Hello World! I’m Maurice, I’m new to .simplicity, nice to meet you, etc.
Language
I’ve been experimenting with some fun stuff lately, it involves language, programming, password-dictionaries, spell checkers, and more
.
- Get a file with a lot of words (i.e. a spell checker dictionary).
- Count the occurrences of N-letter-groups in those words. (example with N = 3: “hello”, hel++, ell++, llo++)
- Find high-scoring letter-groups which overlap (ie. “hel” + “ell” = “hell”) to form a word. (Obviously, repeat this to form bigger words)
Using an English dictionary, this gives output such as: “anteringlogratio”, “callinesthesional” and “prestionistering”. Altough those words are absolutely not English words (as far as I know), they look pretty English. Cool huh?
It can obviously also create ‘fake words’ in other languages, by using other dictionaries. For example, using a Dutch dictionary: “verderendelijker”, “heiderdelijkeren” and “eerderingelijkerigen”. (I’m Dutch, and I can tell you those words are easy to read and pronounce, altough they mean nothing to me)
I can hear you thinking: “Nice, but why’d you ever need to create ‘fake words’ ?”.
Well, for example, we could expand a password-dictionary by generating new passwords from the passwords already in there. This gives new passwords wich are likely to be passwords, instead of the 99% of garbage from a simple brute-forcer.
Also, if we can create words that seem to belong to some language, we can probably also recognize if something could be a real word.
We could create a program wich can tell random sequences of letters and real words apart by giving the words an ‘Englishness-score’, the more it uses high-scoring letter-groups, the higher the score. This might come in handy while brute-forcing a password for some text file. The program could detect if it succesfully decrypted the file, or just got some garbage-output. Or we could create a smart spell checker wich can check and correct words even when they’re not in the dictionary. If ‘hello’ has a much higher score than ‘helllo’, the user probably wanted to type ‘hello’. Or a language-recognizer, if all the words have a higher ‘Dutchness-score’ than ‘Englishness-score’, it’s probably not an English text.

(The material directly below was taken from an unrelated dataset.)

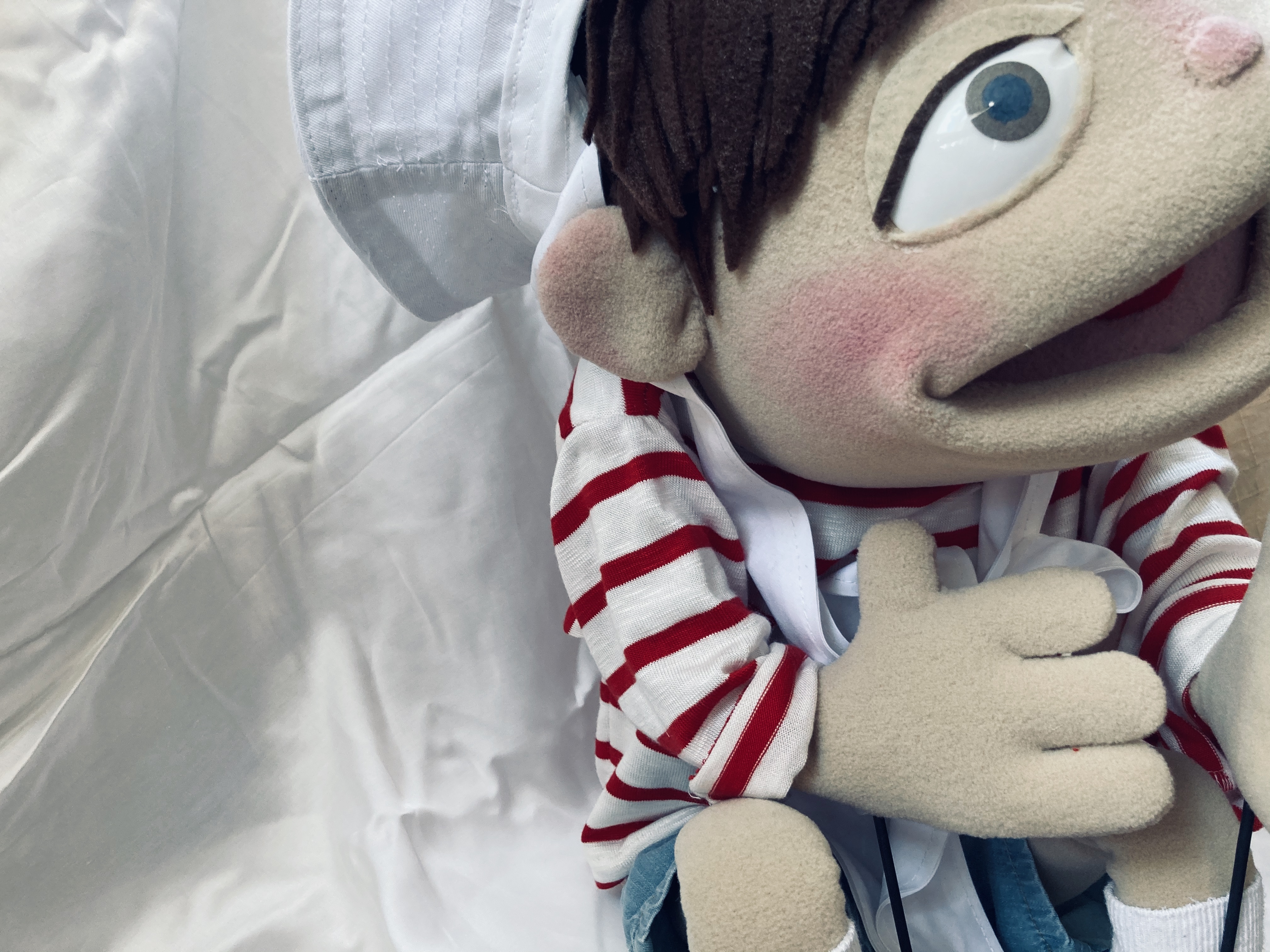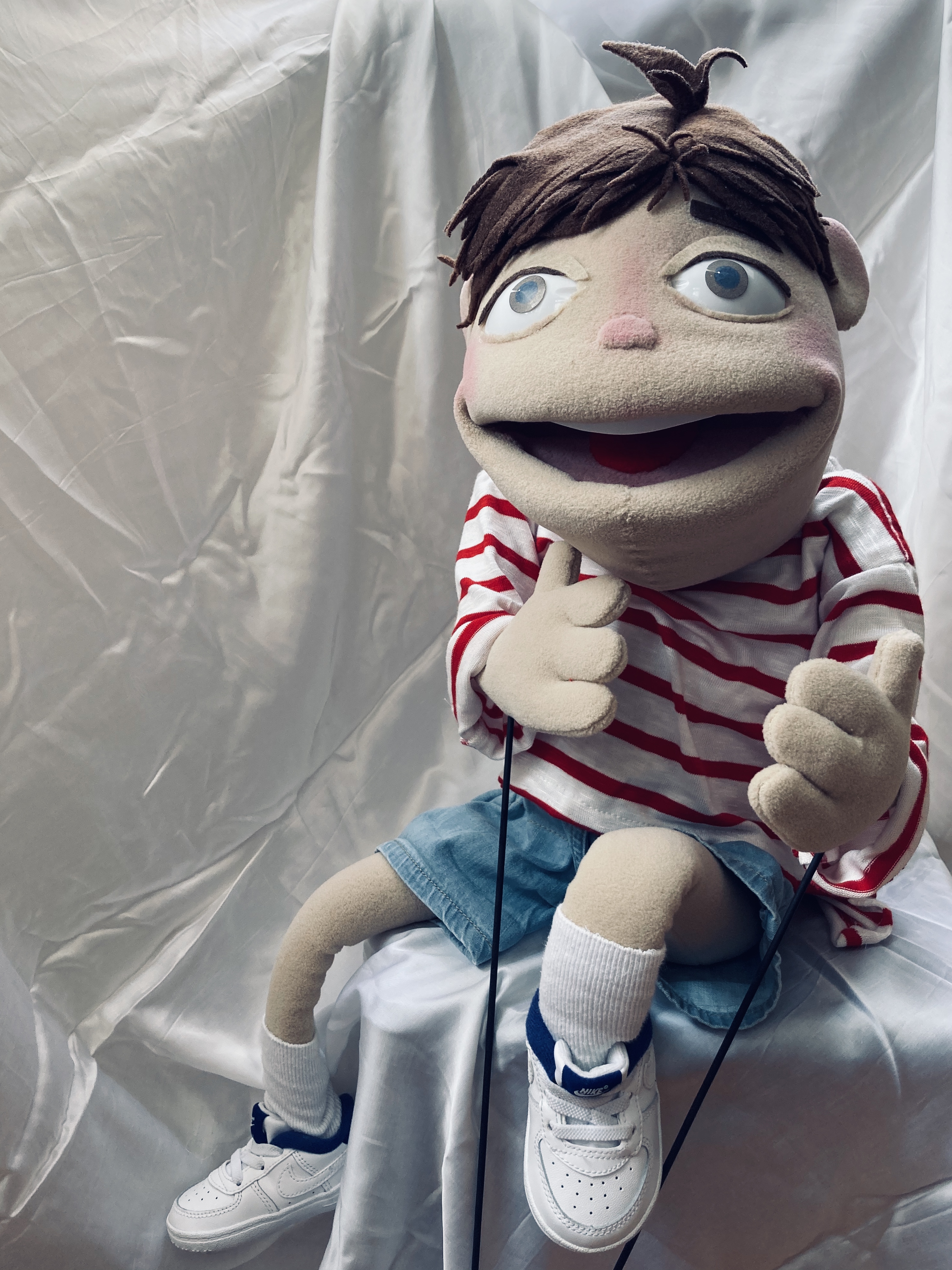 Fatih | Custom Puppet A stripes lover 6 years old boy w/ a big smile WordPress Instagram LinkedIn home

When we take this a level higher, not using words and letter-groups, but sentences and word-groups, the awesomeness grows exponentially. A spell checker could simply correct “Ive is fun” to “Ice is fun”, but “Ive been running” to “I’ve been running”. An internet spider could tell real text apart from those random-keywords-pages. Lots of possibilities.
Anyway, I’ll try to code some of this stuff to see how well it all works, stay tuned.